◆ Task details ◆
Your answer must be only the lines below from the one containing "Isaac Mizrahi Live!" through the one containing "The March of", copied exactly, with the pictures left out.

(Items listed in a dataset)
************
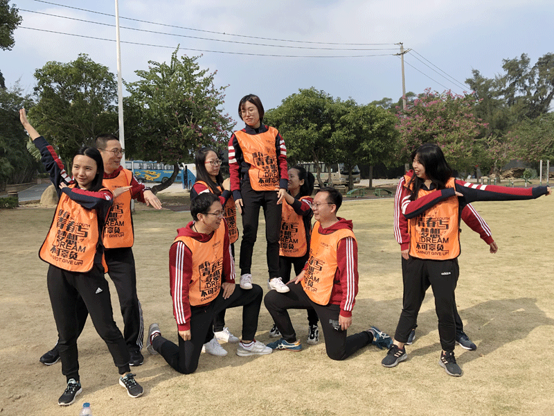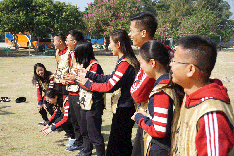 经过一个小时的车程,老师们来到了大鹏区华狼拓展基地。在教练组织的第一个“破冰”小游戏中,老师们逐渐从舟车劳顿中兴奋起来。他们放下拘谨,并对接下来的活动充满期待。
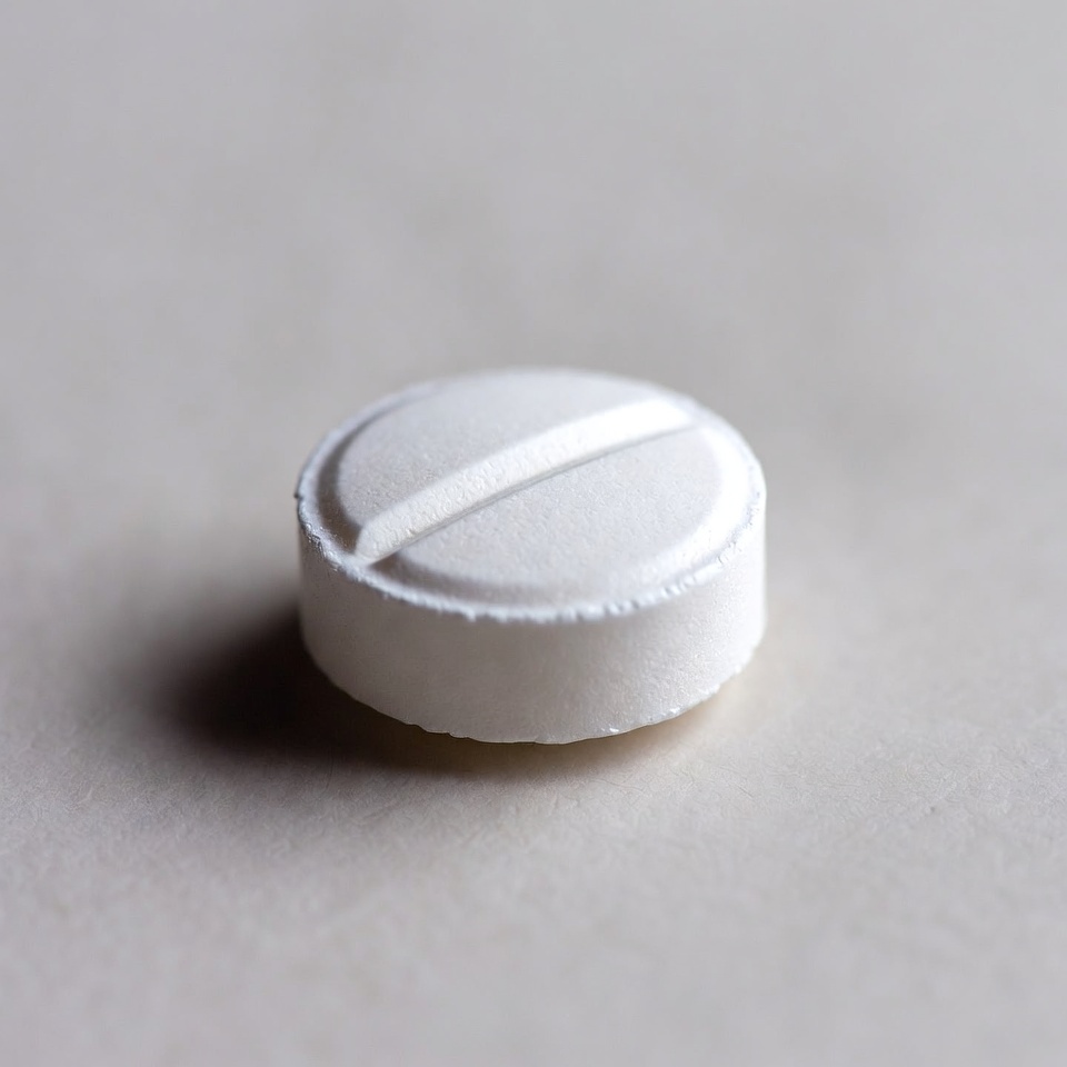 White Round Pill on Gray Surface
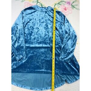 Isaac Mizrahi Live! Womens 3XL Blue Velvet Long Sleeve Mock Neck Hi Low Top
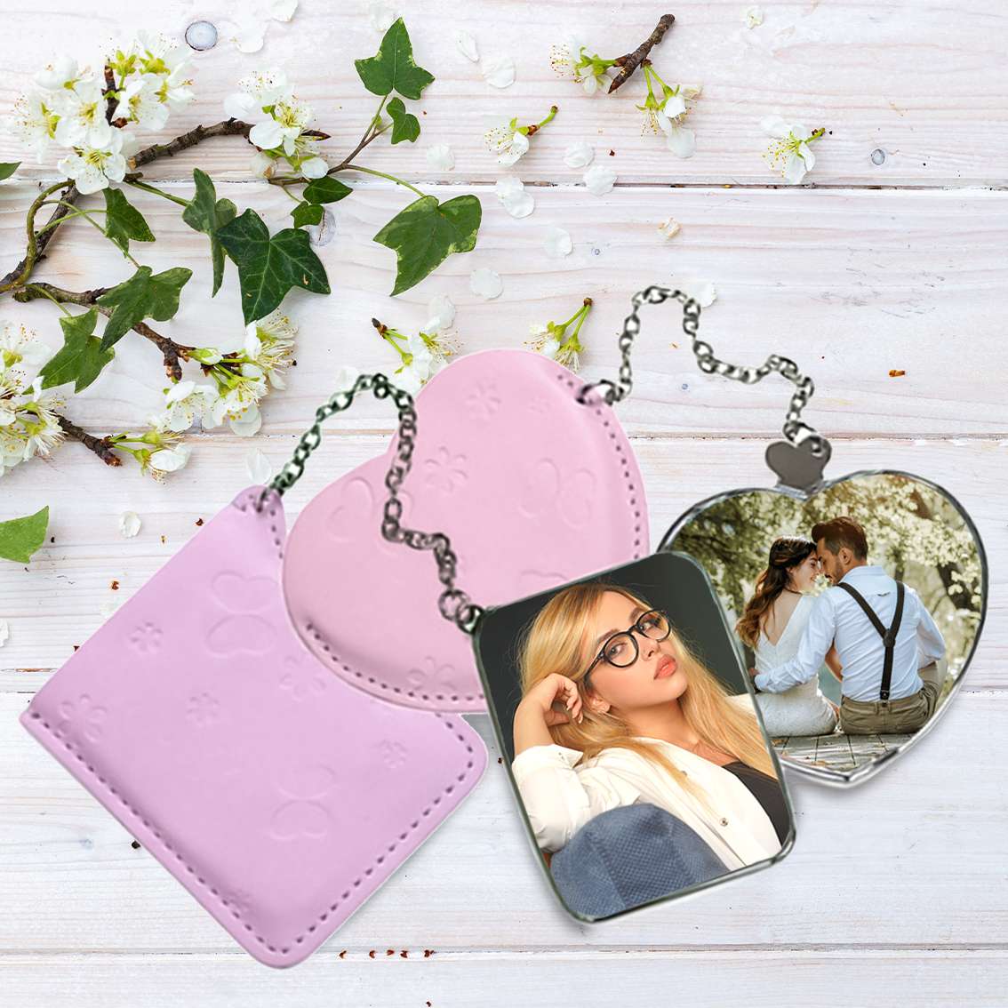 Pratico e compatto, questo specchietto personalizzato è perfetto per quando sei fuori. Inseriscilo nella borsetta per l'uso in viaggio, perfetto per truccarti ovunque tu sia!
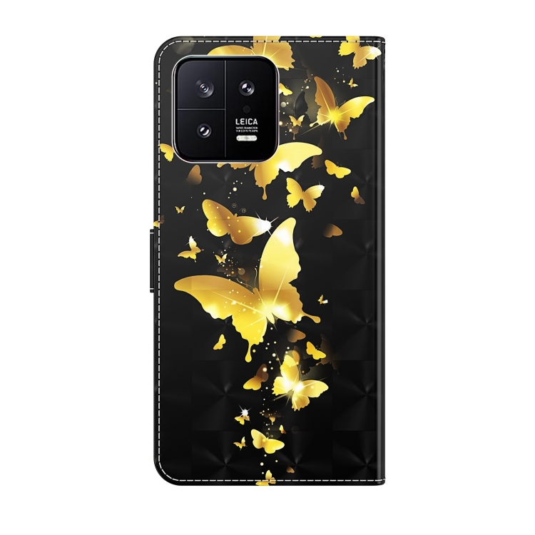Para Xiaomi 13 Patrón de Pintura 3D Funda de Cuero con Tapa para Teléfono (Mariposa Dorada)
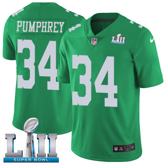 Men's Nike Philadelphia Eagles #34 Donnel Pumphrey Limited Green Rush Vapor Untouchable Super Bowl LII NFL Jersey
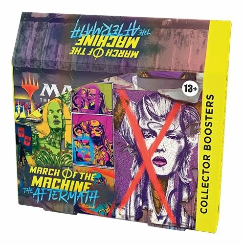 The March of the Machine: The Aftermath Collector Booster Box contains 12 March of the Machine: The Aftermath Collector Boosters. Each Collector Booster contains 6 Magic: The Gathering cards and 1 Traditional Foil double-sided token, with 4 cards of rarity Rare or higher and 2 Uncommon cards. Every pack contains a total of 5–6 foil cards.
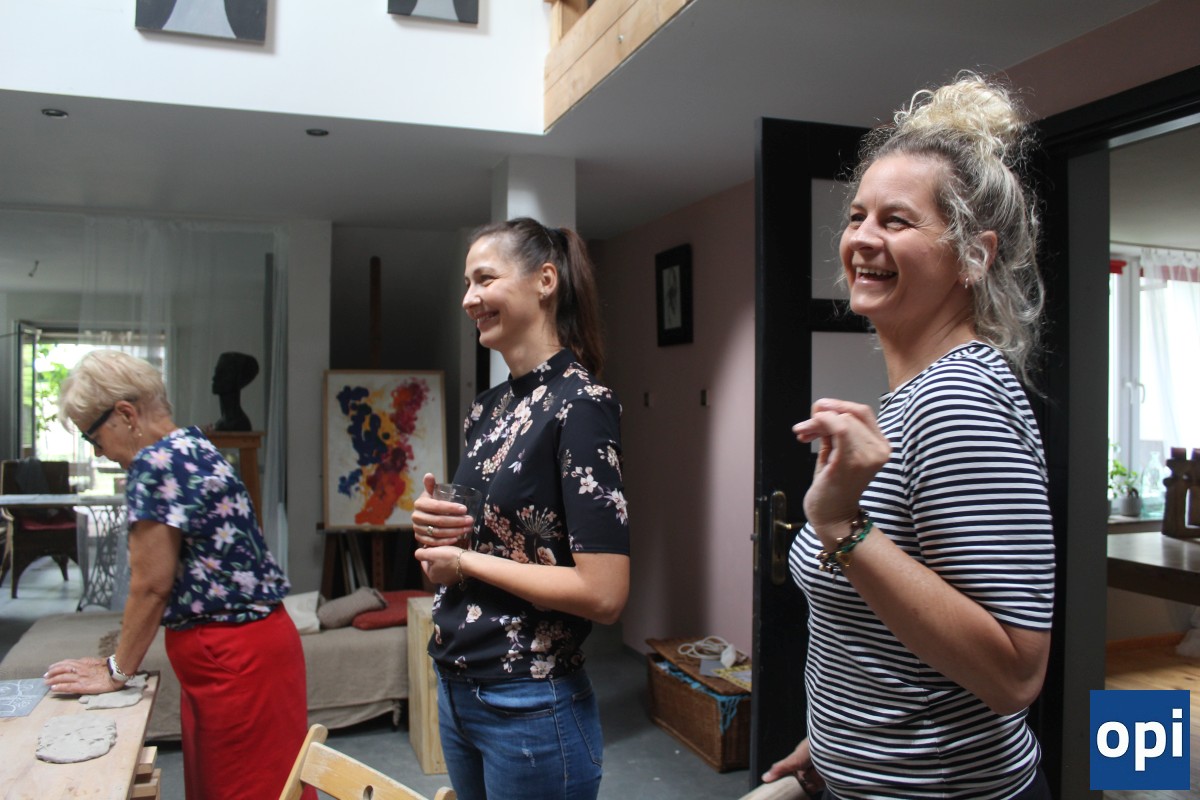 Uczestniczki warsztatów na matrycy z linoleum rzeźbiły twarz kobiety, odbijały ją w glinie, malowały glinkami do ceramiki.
************
◆ Exercise result ◆
 Isaac Mizrahi Live! Womens 3XL Blue Velvet Long Sleeve Mock Neck Hi Low Top
 Pratico e compatto, questo specchietto personalizzato è perfetto per quando sei fuori. Inseriscilo nella borsetta per l'uso in viaggio, perfetto per truccarti ovunque tu sia!
Para Xiaomi 13 Patrón de Pintura 3D Funda de Cuero con Tapa para Teléfono (Mariposa Dorada)
 Men's Nike Philadelphia Eagles #34 Donnel Pumphrey Limited Green Rush Vapor Untouchable Super Bowl LII NFL Jersey
 The March of the Machine: The Aftermath Collector Booster Box contains 12 March of the Machine: The Aftermath Collector Boosters. Each Collector Booster contains 6 Magic: The Gathering cards and 1 Traditional Foil double-sided token, with 4 cards of rarity Rare or higher and 2 Uncommon cards. Every pack contains a total of 5–6 foil cards.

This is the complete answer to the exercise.